** Opening Material for this exercise block **

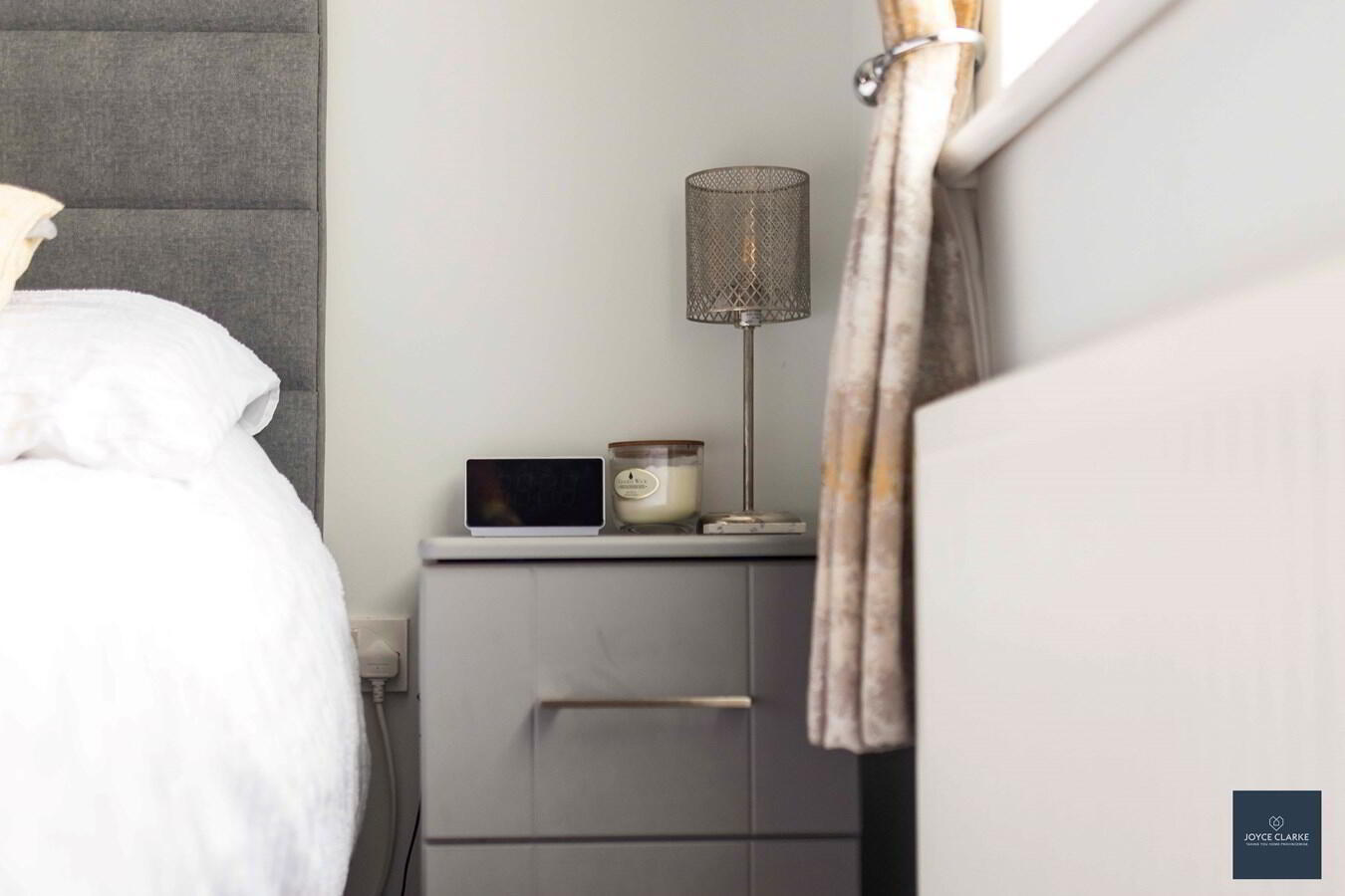 Feature fireplace with tiled hearth and surround with open fire. Laminate flooring. Double panel radiator. TV point. Thermostat.
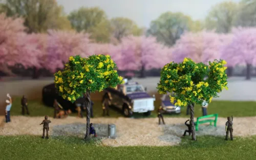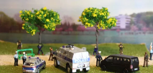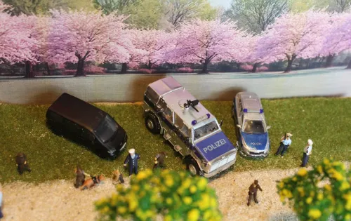 Die Autos sind von Panzer-Shop.nl , und zwar ein Skoda Octavia, ein Dingo 2, der in Ermangelung eines Survivors als Sonderwagen herhalten musste, sowie ein MB Vito, mit dem das SEK (Motto: Wir machen auch Hausbesuche) angereist ist. Der Octavia und der Dingo haben selbst gestaltete Decals und ebenfalls selbst gestaltete Sondersignale erhalten, alle drei Autos darüber hinaus Kennzeichen. Die Polizisten sind alle von Noch, und zwar aus den Sets 45079 "Polizei Sondereinsatzkommando" und 45091 "Polizisten". Die Räuber waren unbemalte Preiser-Figuren in sitzender Haltung. Beiden musste ich die Arme brechen. Einer hat sie in anderer Körperhaltung zurückbekommen, damit es aussieht, als ob er die Hände hochnimmt, dem anderen habe ich auf dem Rücken mit Vallejo Plastic Putty neue Arme gemacht, um den Eindruck zu erwecken, dass er gefesselt ist. Die Bäume waren als Deko bei Modellautos dabei, die ich in Hongkong gekauft hatte, die Bank ist noch von VERO, der Mülleimer ein eigener 3D-Druck. Gras ist von Woodland Scenic, der Weg besteht aus Vogelsand. Unterlage war ein Stück Verpackungspappe.
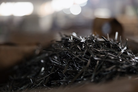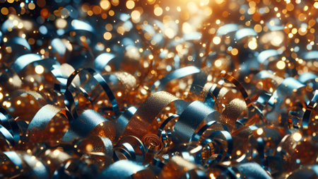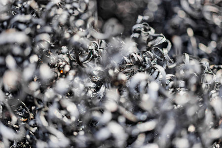 A captivating close-up image of shiny metal shavings scattered on a dark surface, showcasing intricate details of industrial material waste and craftsmanship.
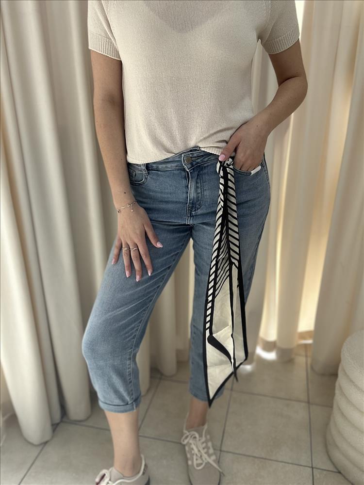 Štýlové dámske rifle, ktoré spájajú pohodlie a nadčasový dizajn. Majú regular strih v 7/8 dĺžke, vďaka čomu pôsobia vzdušne a elegantne zároveň. Svetlý, jemne vyšúchaný denim dodáva modelu ležérny charakter. Rifle majú klasický stredne vysoký pás so zapínaním na zips a gombík, doplnený pútkami na opasok a saténovou šatkou. Minimalistické prevedenie bez výrazných detailov umožňuje jednoduché kombinovanie s rôznymi outfitmi – od casual až po chic štýl.
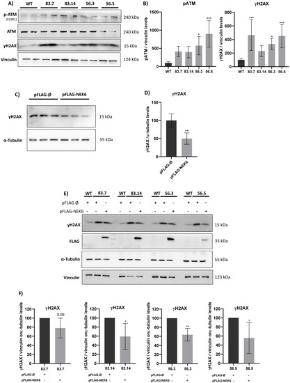 ROS are well known as mediators of DNA damage. Ataxia–telangiectasia mutated (ATM) is a sensor kinase of a double-stranded break (DSB), followed by a signaling cascade that culminates in the phosphorylation of histone H2AX [30]. ATM is directly activated by oxidative stress, leading to its autophosphorylation in serine 1981 [49]. Since NEK6 is involved in the cell redox balance, we explored whether NEK6 could be related to the DNA damage response. We analyzed the phosphorylation levels of ATM and H2AX in WT and NEK6-KO cells (Figure 4A,B). Western blotting confirmed that the levels of ATM phosphorylation in serine 1981 and γH2AX were increased in NEK6-KO cells compared to WT cells, suggesting NEK6 is involved in DDR. We confirmed this result by overexpressing NEK6 in WT cells, revealing that NEK6-overexpressing cells presented lower levels of γH2AX (Figure 4C,D). Additionally, we performed the rescue assay by overexpressing NEK6 in all NEK6-KO cell lines and observed that H2AX recovered its phosphorylation (Figure 4E,F). These results indicated that NEK6 regulates DDR pathways, which may be related to the reduction in viability, proliferation, and alteration in the redox balance in NEK6-KO cells (Figure 2 and Figure 3).
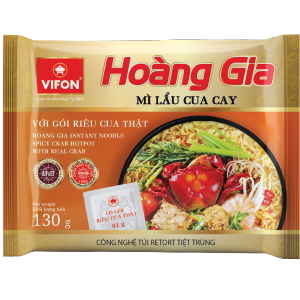 With a commitment not to use synthetic colorants, produced with modern processing technology and a closed process, Hoang Gia Instant Noodle Spicy Crab Hotpot with 100% pure and fresh crab, packaged by closed modern sterilized technology, helping to keep the nutritional content in the crab, with crispy noodles, the rich soup will solve the consumer's time problems but still ensure the right nutrition of "Royal". With the perfect combination of the sweet and cool taste of field crab mixed with the spicy taste of hot pot and the fatty taste of noodles, Hoang Gia Instant Noodle Spicy Crab Hotpot With Real Crab 130g is a great choice for convenience meals.
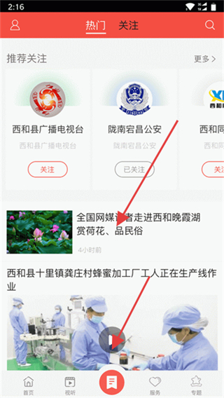 3、热门板块可关注西和县广播电视台、陇南宕昌公安等本地机构或媒体账号,获取其发布的资讯并参与互动。
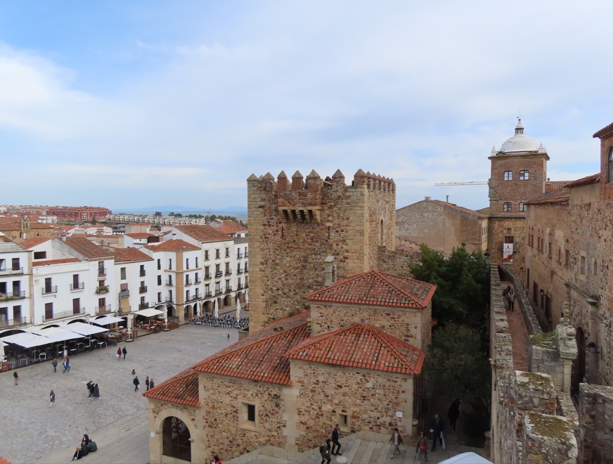 Para terminar la visita a la plaza puedes subir por las escaleras para entrar en la iglesia de San Francisco Javier, una construcción barroca del siglo XVIII y subir a una de las torres campanario desde donde tendrás unas magníficas vistas del conjunto monumental de Cáceres.

** Closing Material for this exercise block **

● What to produce: Each line from the one that contains "Štýlové dámske rifle, ktoré" down to the one that contains "ROS are well" is to be returned exactly as it stands above, both ends included, with pictures removed.

● Your response:
 Štýlové dámske rifle, ktoré spájajú pohodlie a nadčasový dizajn. Majú regular strih v 7/8 dĺžke, vďaka čomu pôsobia vzdušne a elegantne zároveň. Svetlý, jemne vyšúchaný denim dodáva modelu ležérny charakter. Rifle majú klasický stredne vysoký pás so zapínaním na zips a gombík, doplnený pútkami na opasok a saténovou šatkou. Minimalistické prevedenie bez výrazných detailov umožňuje jednoduché kombinovanie s rôznymi outfitmi – od casual až po chic štýl.
 ROS are well known as mediators of DNA damage. Ataxia–telangiectasia mutated (ATM) is a sensor kinase of a double-stranded break (DSB), followed by a signaling cascade that culminates in the phosphorylation of histone H2AX [30]. ATM is directly activated by oxidative stress, leading to its autophosphorylation in serine 1981 [49]. Since NEK6 is involved in the cell redox balance, we explored whether NEK6 could be related to the DNA damage response. We analyzed the phosphorylation levels of ATM and H2AX in WT and NEK6-KO cells (Figure 4A,B). Western blotting confirmed that the levels of ATM phosphorylation in serine 1981 and γH2AX were increased in NEK6-KO cells compared to WT cells, suggesting NEK6 is involved in DDR. We confirmed this result by overexpressing NEK6 in WT cells, revealing that NEK6-overexpressing cells presented lower levels of γH2AX (Figure 4C,D). Additionally, we performed the rescue assay by overexpressing NEK6 in all NEK6-KO cell lines and observed that H2AX recovered its phosphorylation (Figure 4E,F). These results indicated that NEK6 regulates DDR pathways, which may be related to the reduction in viability, proliferation, and alteration in the redox balance in NEK6-KO cells (Figure 2 and Figure 3).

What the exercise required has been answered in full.